7. Choose “Transfer specific cash amount” and then enter the amount in the Cash Amount box. Be sure to put an amount slightly less than the balance in your existing HSA as you don’t want to accidentally close your existing HSA (assuming you or your employer are still contributing to it via your paycheck).

8. Upload a statement (pdf, image) from your existing HSA to facilitate a faster transfer. (For HSA bank, the only place we could find anything resembling a statement was under “tax documents”.)

9. After that just follow the prompts to review and then confirm the transfer. From there, Fidelity will take care of the rest.
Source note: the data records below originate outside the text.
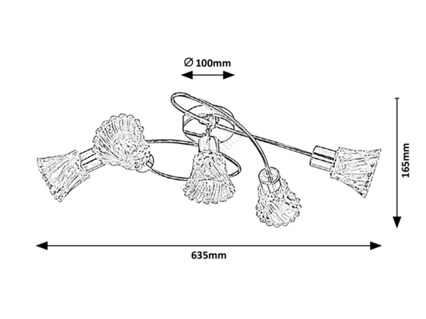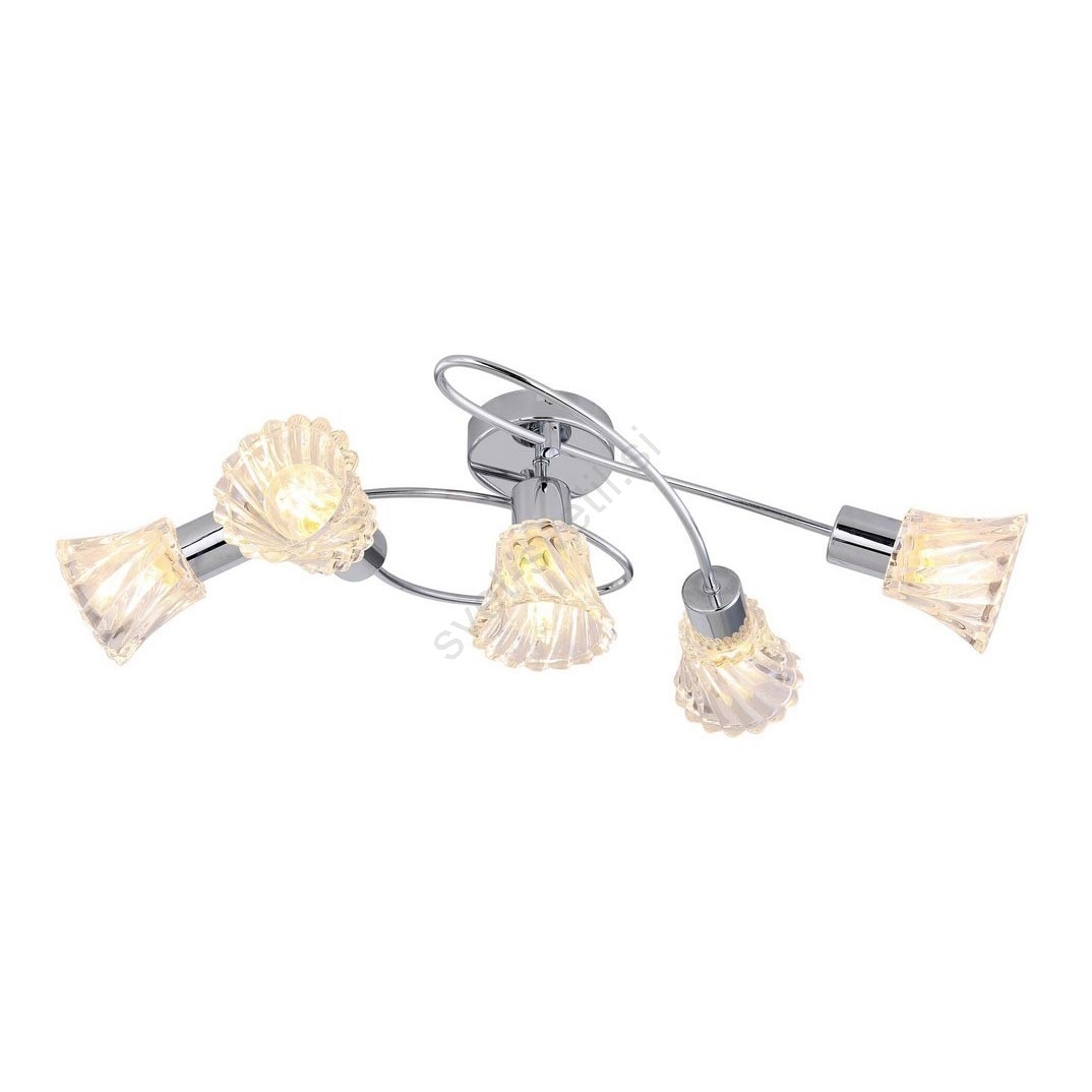 Stropna svetilka Hestia s 5 žarnicami v klasičnem slogu bo elegantni kos pohištva v vaši dnevni sobi ali spalnici. Kromirano kovinsko svetilo, ki spominja na zvite trte, je dopolnjeno s prozornimi steklenimi senčniki. Svetilo je mogoče pritrditi na strop s pomočjo okroglega dekorativnega podstavka. Zanimivost senčnikov v obliki zvonca je zvit učinek njihove valovite površine. Pet glav svetila, usmerjenih v različne smeri, zagotavlja dovolj svetlobe v vsakem delu prostora. To stropno svetilo je mogoče uporabiti s petimi žarnicami, vsaka z močjo do 40W. Tip grla je E14. Če želite izboljšati intimno in prijetno vzdušje, izberite toplo belo svetlobo za to svetilo. Dimenzije stropne svetilke Hestia s 5 žarnicami so naslednje: širina 635 mm, razdalja od stropa 165 mm, premer montaže 100 mm. Ta model se dobavlja brez svetlobnih virov.
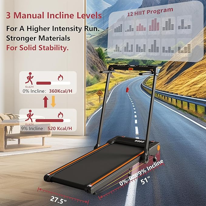 • [3-Level 9% Incline Treadmill] Designed for diverse fitness needs, this walking pad with incline offers 3 manually adjustable levels (0%, 6%, 9%) to simulate flat roads or uphill climbs, helping you burn more calories and engage different muscle groups. With 12 preset programs (P1–P12) that support one-touch workout customization, this portable treadmill adapts to beginner and advanced routines alike—perfect for cardio, weight loss, or daily walking at home
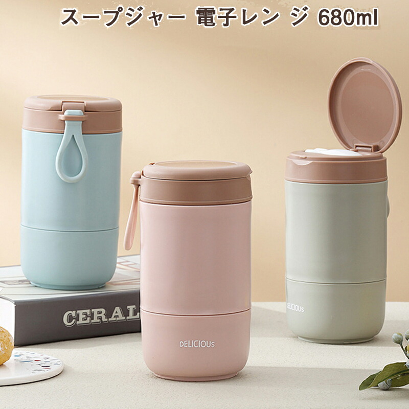 レンジ対応 スープジャー 電子レンジ スープ缶 680 ランチスープジャー 電子レンジ対応 お手入れ簡単 フタ内蔵 カトラリー便利で衛生的 持ち運びハンドル 簡単取り
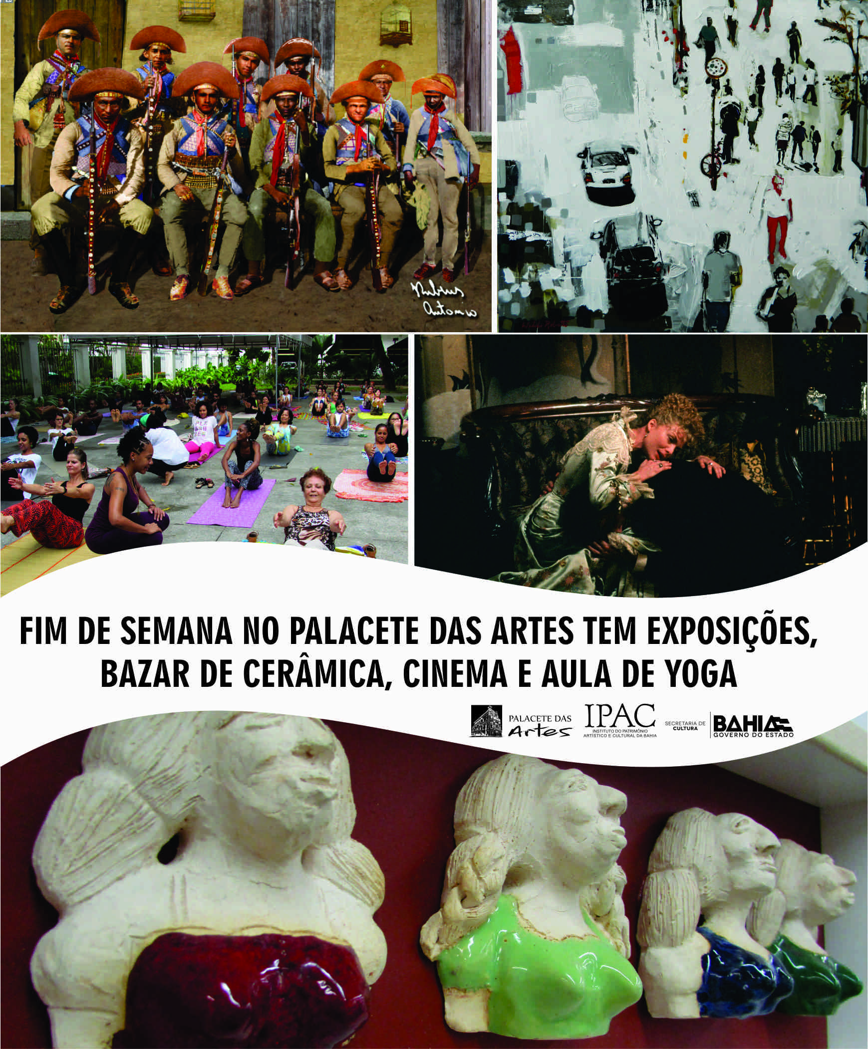 Neste final de semana, no Palacete das Artes, baianos e turistas poderão curtir cinema, aula de yoga, bazar de cerâmica, além das exposições em cartaz.
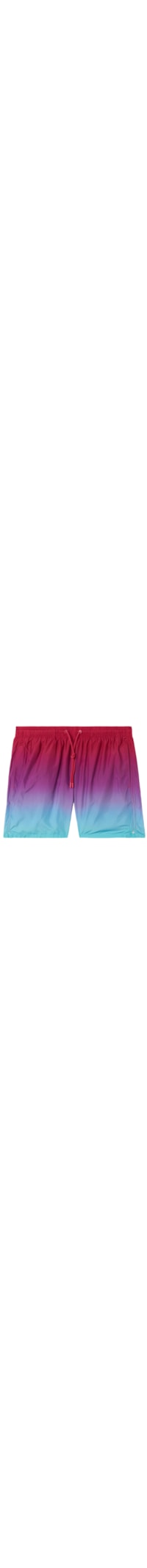 Calção de banho com estampa em tons de fúcsia e verde desbotados, confeccionado em tecido leve e macio, à prova d'água e de secagem rápida. Conta com um confortável forro estilo cueca em microfibra macia, na mesma tonalidade. A cintura franzida com cordão possui uma abertura lateral prática para chaves.
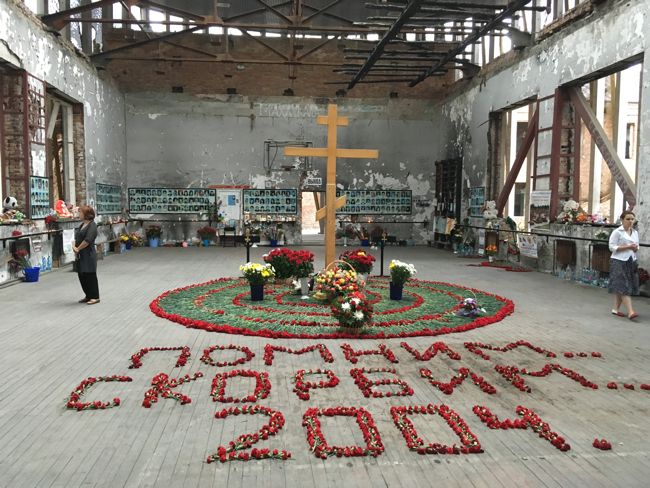 Фото: Илья Азар / «Медуза» Мемориал в память о погибших в бывшем спортзале школы № 1 в Беслане
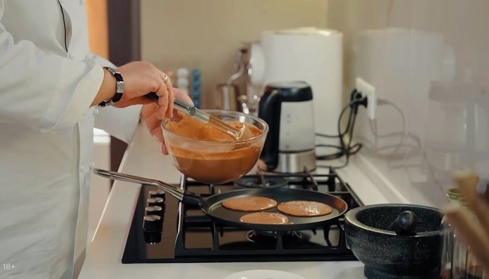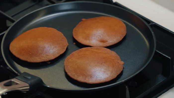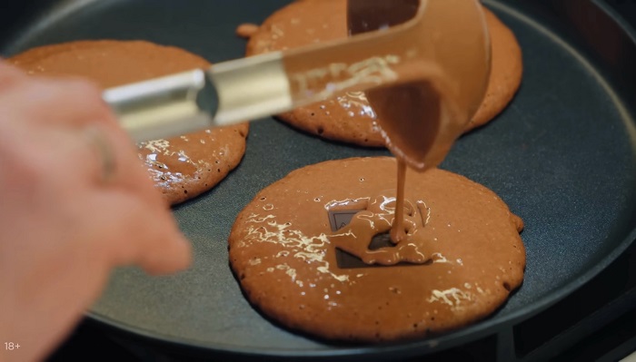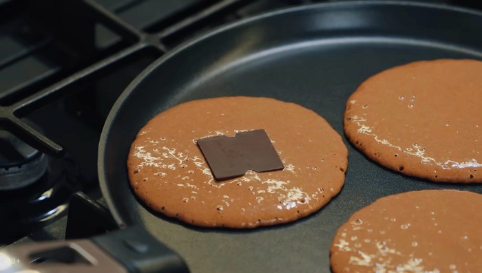 На сухую накалённую сковороду половником вливаем тесто, в центр каждого оладушка кладём кусочек шоколада, сверху закрываем тестом. Обжариваем с двух сторон и наши правильные шоколадные оладья о шефа готовы. Приятного аппетита!

Depending on your existing HSA provider, the transfer could take several weeks. That’s frustrating, but just be patient.
Once the money does arrive, make sure you invest it. By default, it will go into the Money Market account, which isn’t bad considering the very low interest you were likely earning at your regular provider. But, if you are implementing the “HSA as stealth retirement account”, you are going to want to invest in something with higher return potential like a Total Stock Market Index Fund (two good choices at Fidelity are FSKAX and FZROX).
Once you’ve successfully transferred money once, future transfers will seem very easy. Again, set up a transfer cadence that makes sense for you based on any fees your existing HSA provider charges for outgoing transfers and how often you want to take the 5 minutes to initiate the transfer. And don’t forget to log back in and invest the money once it arrives.